Tab. 5 shows two examples of system outputs. These examples are from the clusters of high and low input similarity respectively. When the input similarity is high, content tokens from consensus-MSA are included in the target document while the neural models tend to generate more hallucinated tokens. This explains the better score consensus-MSA achieves in the higher input similarity cluster. We also notice that when the similarity is high, consensus-MSA generally has better coverage of overlapped content between input documents, and its generated drafts are on average more than 10% longer than other systems. When the similarity is low, the second example shows that all systems generate shorter outputs due to less shared structure between input documents. In this case, consensus-MSA starts to include more content that does not necessarily appear in the target and MoE-based models generate more reasonable sketches and contain fewer ellipses and uninformative tokens, which can hurt the sketch readability.
7 Discussion
Since gold document sketches are difficult to annotate, there remain challenges of how to leverage or create better weak supervision. We may also want models to adjust to users’ personalized preferences over document sketches (e.g., some may prefer more deletions than insertions or vice versa) in practical application deployment, where RL can play a major role by having models directly optimized by customized rewards.

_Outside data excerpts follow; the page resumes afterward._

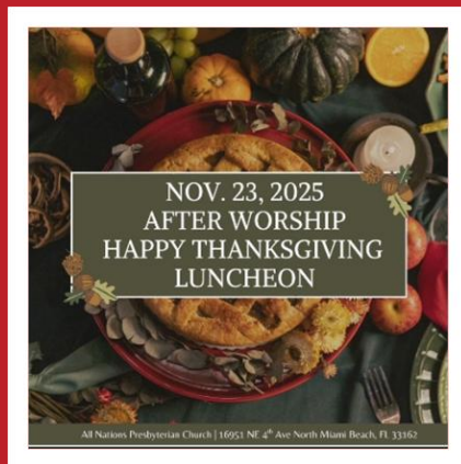
Thanksgiving Fellowship Meal
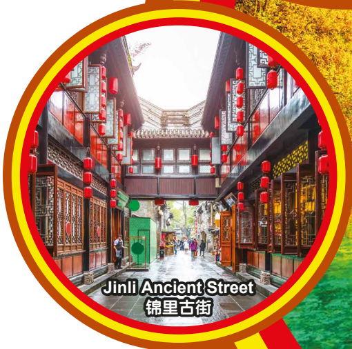
Jinli Ancient Street 锦里古街
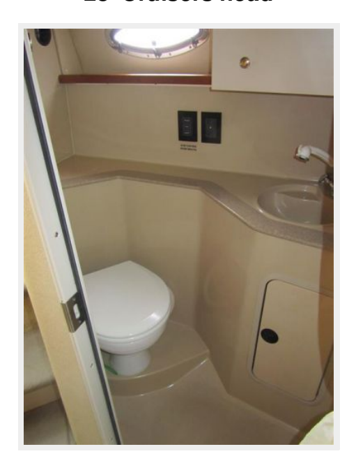
28' Cruisers head
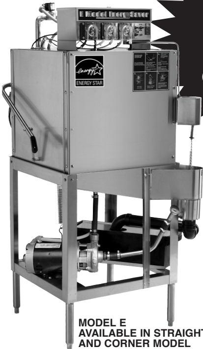
MODEL E AVAILABLE IN STRAIGHT AND CORNER MODEL

USES ONLY .93 Gallons Of Water Per Cycle!
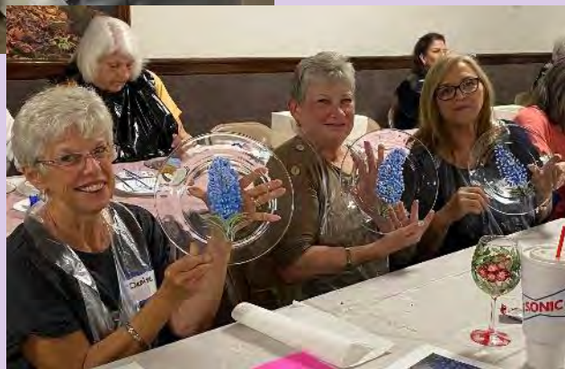
Ladies showing off their works of art!

We show that MoE-based models tend to generate more readable sketches by outputting fewer ellipses and functional tokens, though in some cases it can be difficult to guess what should fill a given ellipsis. An interesting future study could examine how the placement and number of ellipses in a sketch affects readability. We would also like to explore whether replacing ellipsis tokens with some more contentful label (e.g., entity type) or a retrieved sample content for a gap (Xu et al., 2021) could help make sketches more interpretable.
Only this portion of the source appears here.